Thanks Jerry. I like the information, but I still know how bad things are getting out there.  ::

----------


## Member11

> Thanks Jerry. I like the information, but I still know how bad things are getting out there.



A lot of good things happens out there too, maybe there should be a new section on the site so we can share all the good news stories we see?  ::):

----------


## Lunaire

> With everything going on in the world, I find myself wanting to avoid many places that I normally wouldn't. I haven't entirely stopped, because there are many places that I or we must go, but it is done with a lot of anxiety. The bank, a mall, anywhere that is populated. Simply going to get something to eat, I find myself looking over my shoulder. 
> 
> I cannot stand watching the news but at the same time, it is best to be informed. Watching or hearing about all the tragedies, whether it is terrorist attacks, natural disasters, or people just going crazy, is really taking a toll. I find myself crying more, and sometimes just sit in awe, trying to process all this, but it cannot be processed. 
> 
> I am a person who keeps to myself, and do not really go many places to begin with.

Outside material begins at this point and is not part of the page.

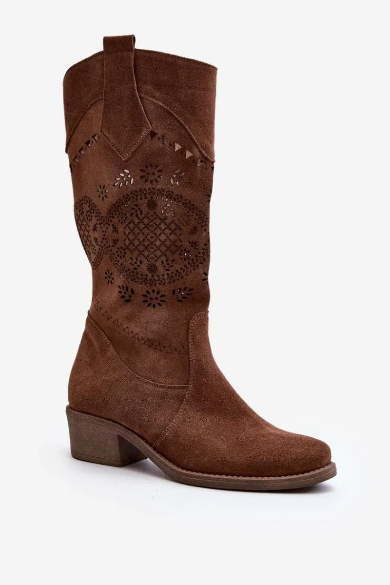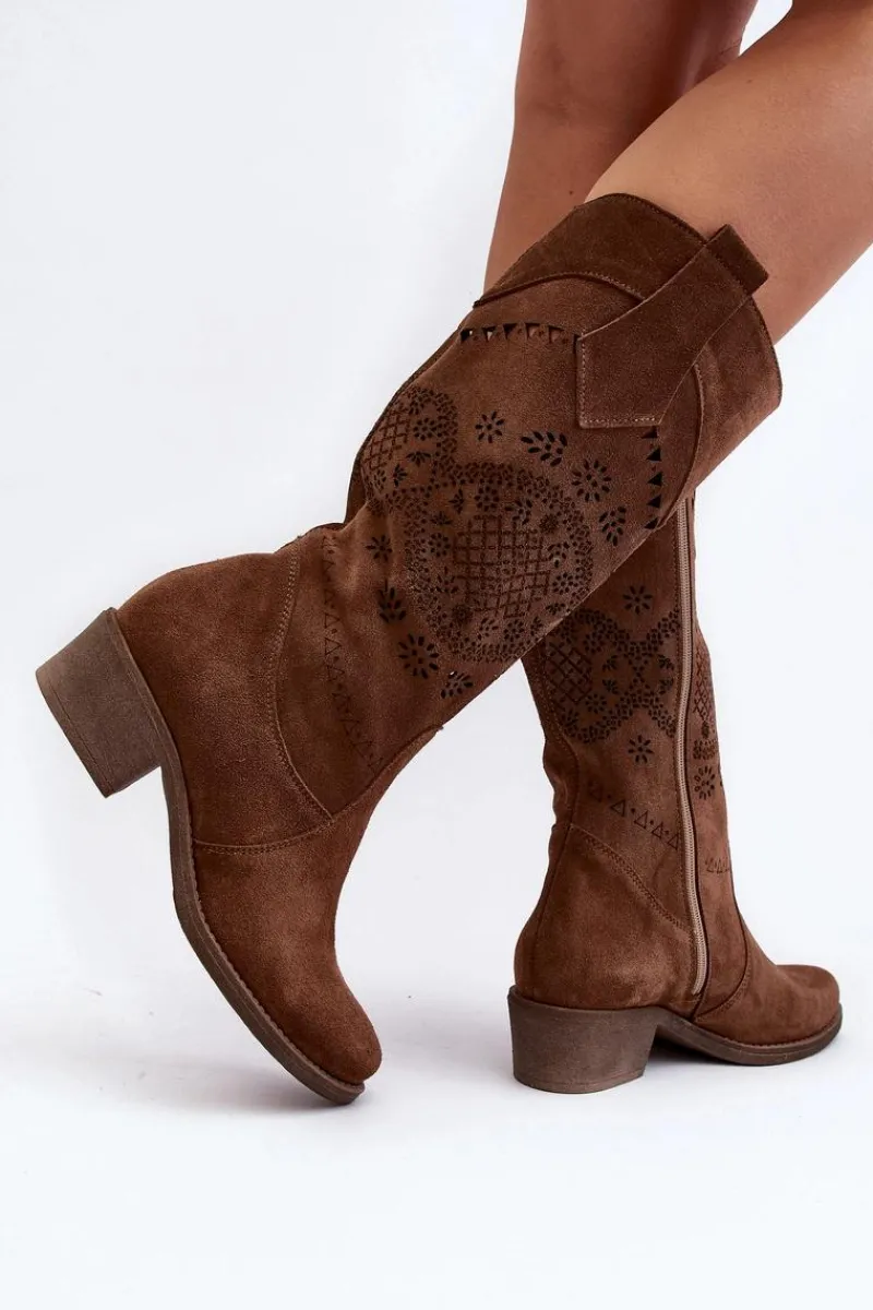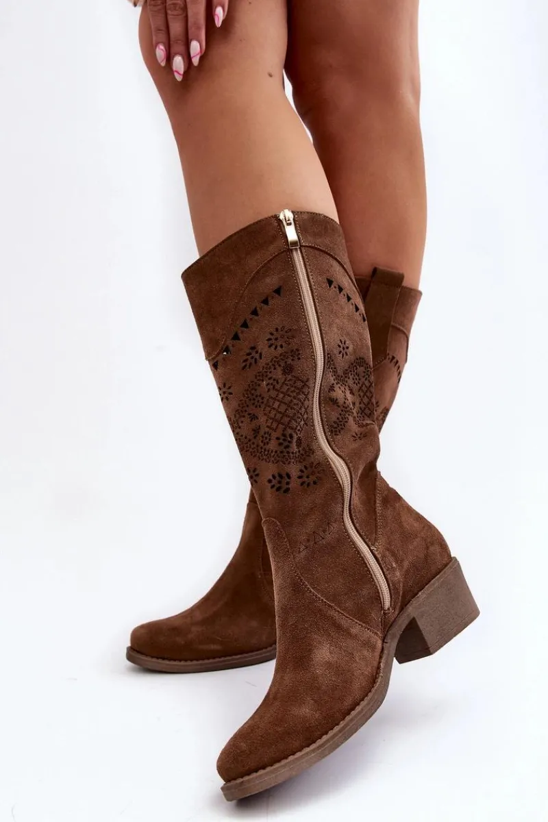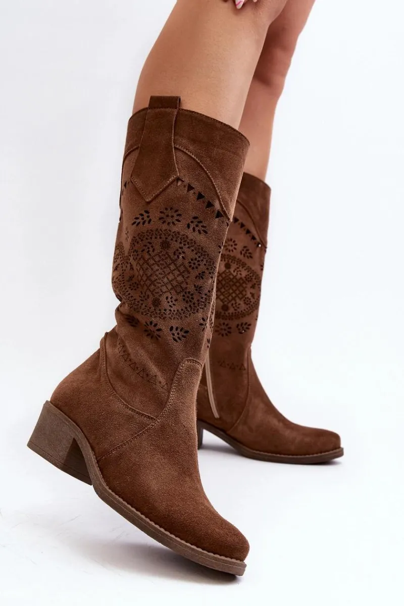 Sale 4043 Zamszowe Kozaki Na Niskim Obcasie Ażurowe Brązowe Damskie Kozaki Wiosenne|Kozaki Ażurowe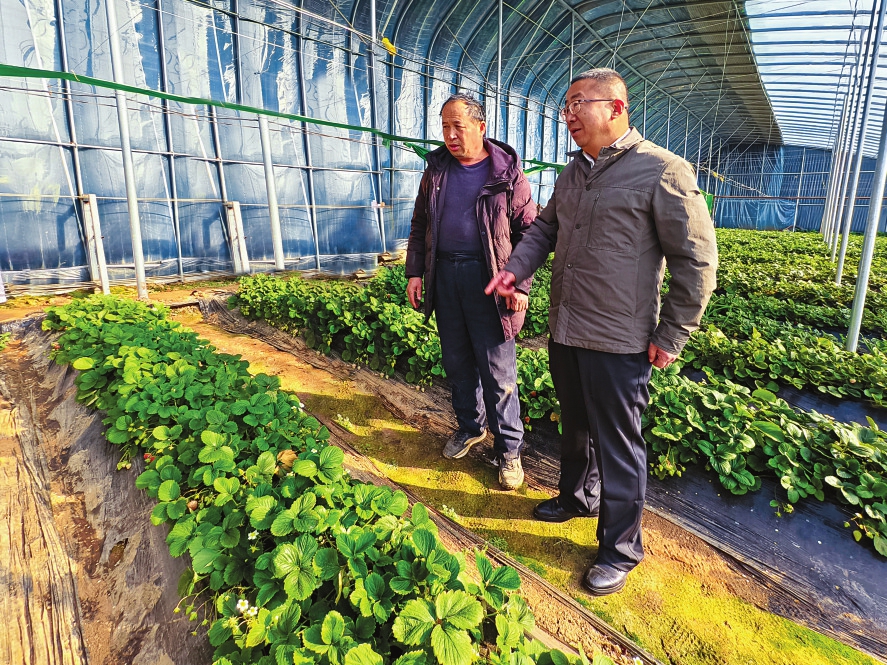 图③:张千忠(右)在草莓大棚里介绍园区冬季生产情况。

People say, get out and do more, with what your health allows, it is healthy for you. I am not finding it healthy at all. I am so sick and disgusted of what is going on in the world, and all we can do is watch, and try to deal with it.  It is very unhealthy to ask, omg what's next. But with everything going on you cannot help but wonder.
> 
> Please share your feelings.



I can totally relate and oftentimes get depressed when thinking about all of the terrible things going on in the world as well.  ::(: 

However, something that always motivates me to get out of the house is the natural world. Whenever I am surrounded by nature I always feel more at peace.

If you have the opportunity to do so I would recommend frequently visiting parks or other natural areas. It may help you as well!  ::):

----------